Even in an audience that appears to be homogeneous—composed of people who are very similar to one another—different listeners will understand the same ideas in different ways. Every member of every audience has his or her own frame of reference—the unique set of perspectives, experience, knowledge, and values belonging to every individual. An audience member who has been in a car accident caused by a drunk driver might not appreciate a lighthearted joke about barhopping. Similarly, stressing the importance of graduate school might be discouraging to audience members who don’t know whether they can even afford to stay in college to complete an undergraduate degree.

These examples illustrate why audience analysis—the process of learning all you reasonably can about your audience—is so centrally important. Audience analysis includes consideration of demographic information, such as the gender, age range, marital status, race, ethnicity, and socio-economic status of the people in your audience. And each of these has various sub-groups that influence how people might respond to a topic. For instance, socioeconomic status includes a combination of characteristics such as income, wealth, level of education, and occupational prestige.

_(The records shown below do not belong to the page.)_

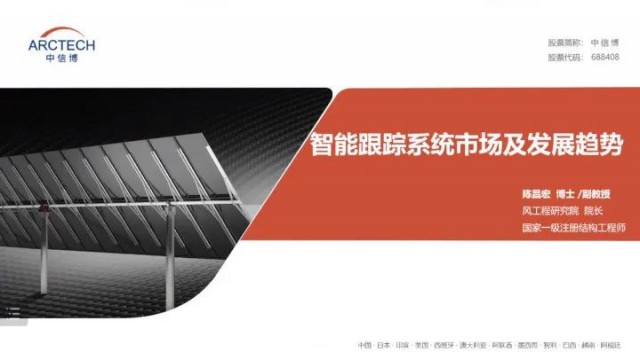 江蘇中信博新能源科技股份有限公司中信博風(fēng)工程研究院院長陳昌宏博士作智能跟蹤系統(tǒng)市場現(xiàn)狀與發(fā)展趨勢報告。陳院長從全球跟蹤支架市場格局與跟蹤支架技術(shù)發(fā)展趨勢兩個方面進(jìn)行了詳細(xì)的介紹。
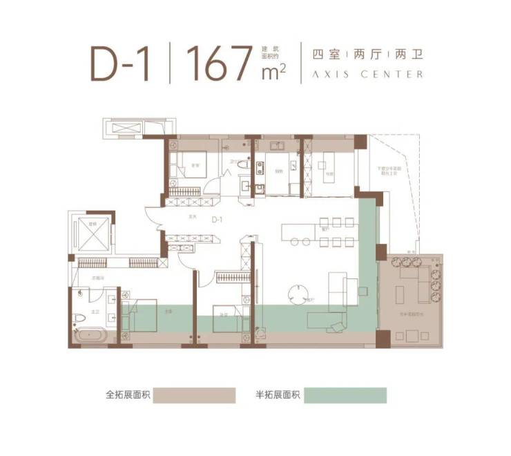 ©建面约167m²四室两厅两卫户型
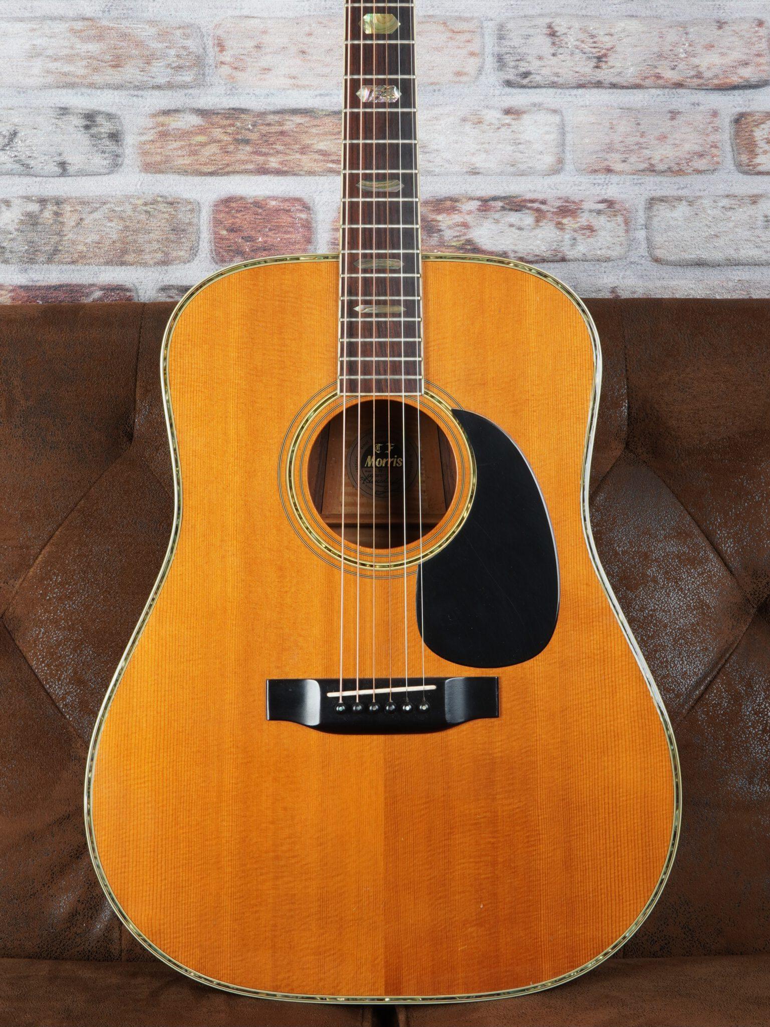 The Morris W-60 is an impressive example of the high art of Japanese guitar making in the 1970s. During this period, instruments were created in Japan that were strongly oriented towards the great American models of Martin and Gibson, but were often made with a precision and care that gives them cult status today. Morris Guitars was founded in 1967 by Toshio Moridaira, a passionate guitar maker with close ties to Fender and Gibson. Through these contacts, he not only brought American guitars to Japan, but also began to develop his own models that combined traditional craftsmanship with modern standards.
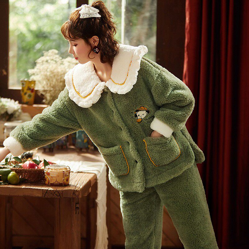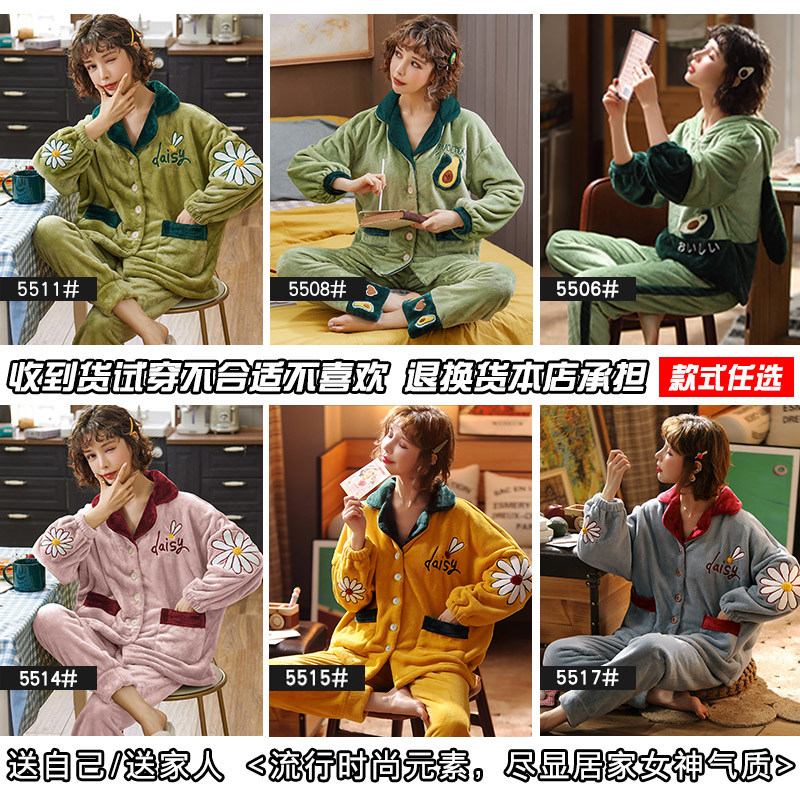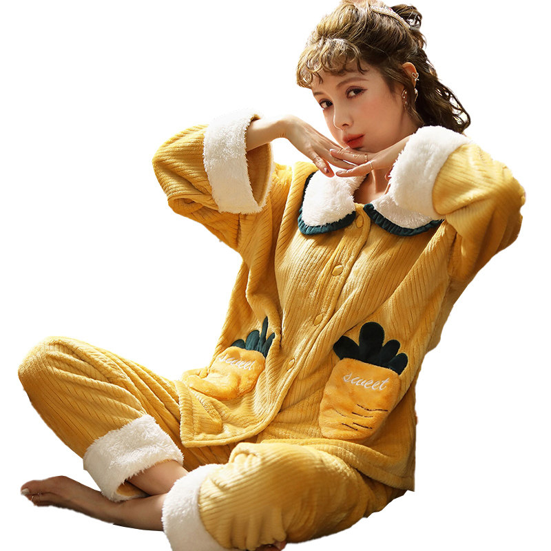 Pajamas women 2021 new autumn and winter coral fleece padded plus velvet cute winter ladies flange home clothing
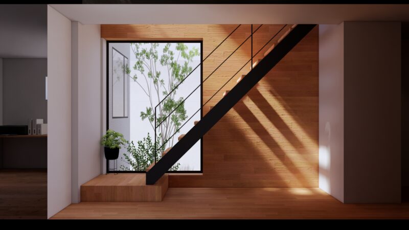 1階に入ると、まず迎えてくれるのが坪庭の緑を切り取る大きな窓と階段。
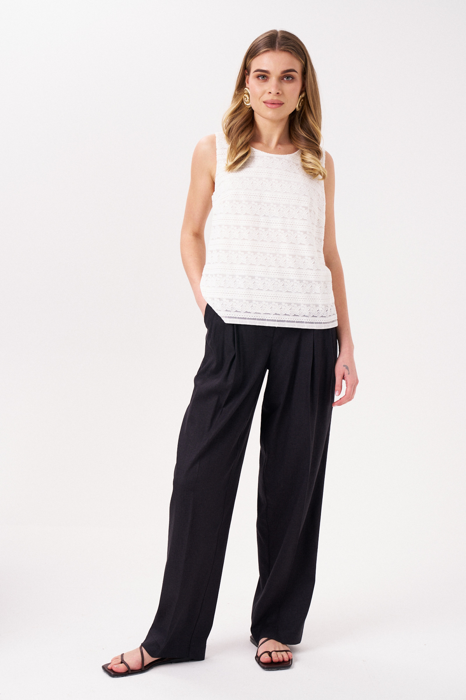 Брюки женские из вискозной ткаи с добавлением льна для повседневной носки. Изделие прямого силуэта на поясе. Есть шлевки. По переду защипы. В боковых швах прорезные карманы. Длина изделия классическая.
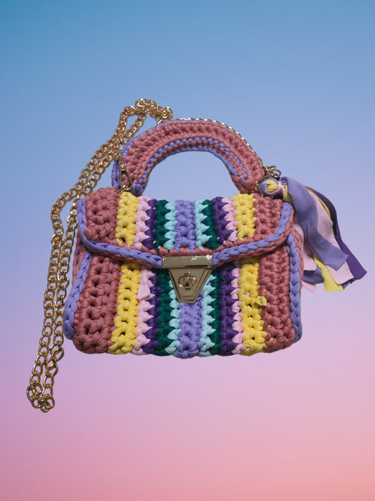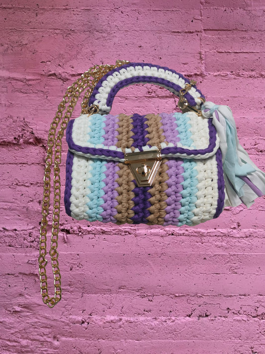 Kleine Boho Stricktasche mit Bommeln in verschiedenen Farben

Race is sometimes linked to religious affiliation and immigration status. Each of these dimensions give you some information about which kinds of topics, and which aspects of various topics, will be well received and which you might have to work harder to defend.

Advertisers use this kind of information all the time to determine how best to reach a particular audience, such as targeting older generations through TV ads while tailoring social media ads to appeal to teens. Car companies are notorious for featuring rugged men hauling construction equipment in their truck ads, while they showoff the family-friendly features of minivans with images of moms juggling kids and groceries. These examples might seem like cliched stereotypes, but they still influence how a communicator attempts to reach a particular receiver.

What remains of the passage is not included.